Chicago Public Schools wants more students in summer programs. They’ll even pay some to attend.

A teacher reads a book out loud in front of a group students who are sitting on colorful rug in a classroom.
Rebecca Rodriguez reads to students at Haugan Elementary School during a summer program in August 2022. (Christian K. Lee for Chalkbeat)

Chicago freshmen at some high-poverty high schools will earn money to attend a summer orientation program — part of a broader district push to boost summer school participation amid the pandemic.

The district saw lackluster enrollment in its summer orientation and academic catchup programs in 2022, even as school-based enrichment programs drew record numbers of students. In an update to the school board Wednesday, district officials said they will offer the paid version of the freshman orientation, called Earn and Learn, at more than 30 high schools in a partnership with the nonprofit After School Matters. Students will get free transportation and a stipend for completing the program. 
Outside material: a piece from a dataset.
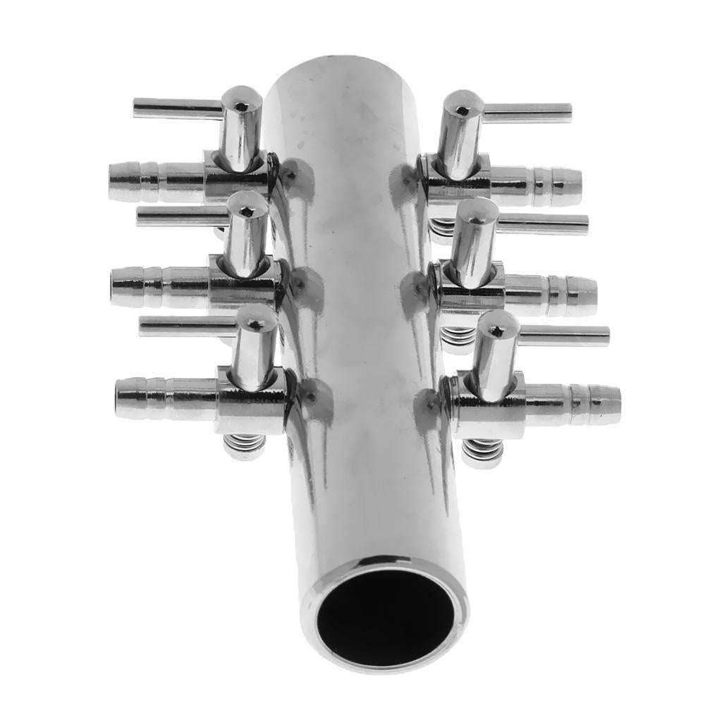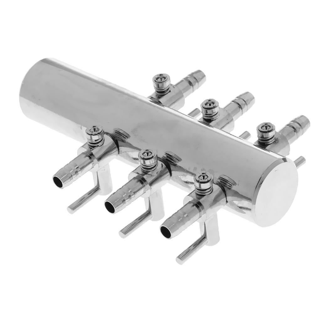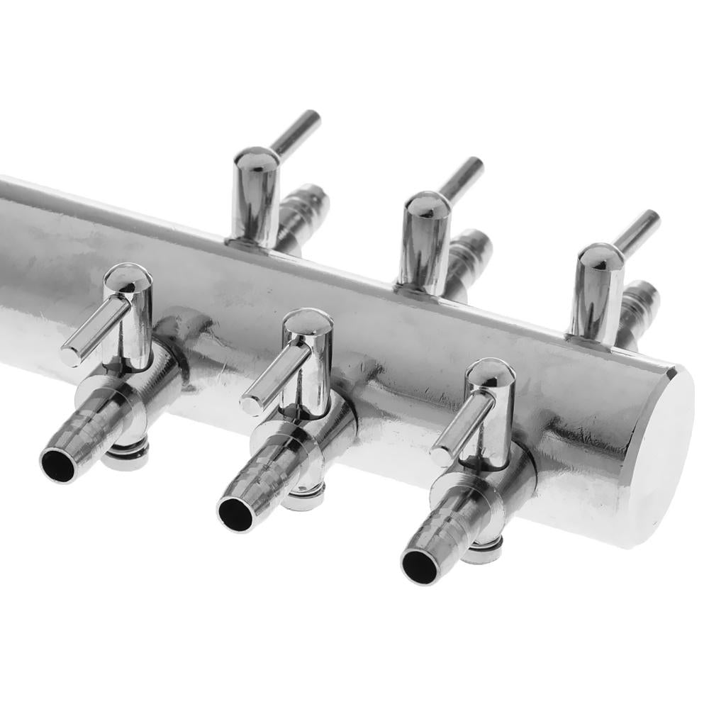 Aquarium air valve for high power air pumps, with 6 way individually controlled outlets.

Board member Elizabeth Todd-Breland applauded the move, saying it can entice students who otherwise might choose to work through the summer. 

“We know our young people want to make money for themselves and to be able to be involved in our programming,” she said.
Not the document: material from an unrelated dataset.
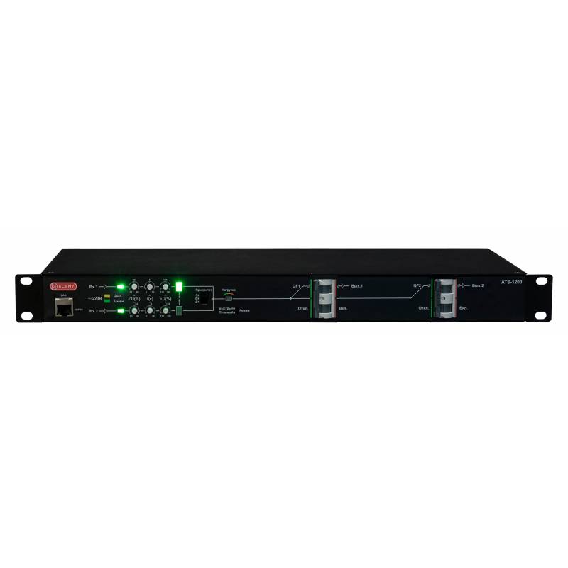 АВР Elemy ATS-1203/32/T/E/DO 1U 19" ввод:2xсилов. зажимн. клемма выход:2xсилов. зажимн. клемма32A черный

The district did not immediately respond when asked how much the stipend will be.

Some board members said they want to see more central office support for schools trying to get the word out about programs as the district is poised to continue a major summer school expansion this year.  
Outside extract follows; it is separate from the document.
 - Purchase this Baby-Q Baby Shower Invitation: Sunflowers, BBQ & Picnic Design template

“We can always do better,” board president Miguel del Valle said. “We should be aggressive to maximize the level of participation in all our programs during the summer.”

Teachers union and other officials also voiced concern about a more than two-week gap between school and summer offerings. Chicago Public Schools’ last day is June 7 and the start of both school district and Chicago Park district programming June 26. With just two weeks left before summer break, the district is working on offering some enrichment and other activities during that stretch with philanthropy dollars, officials said.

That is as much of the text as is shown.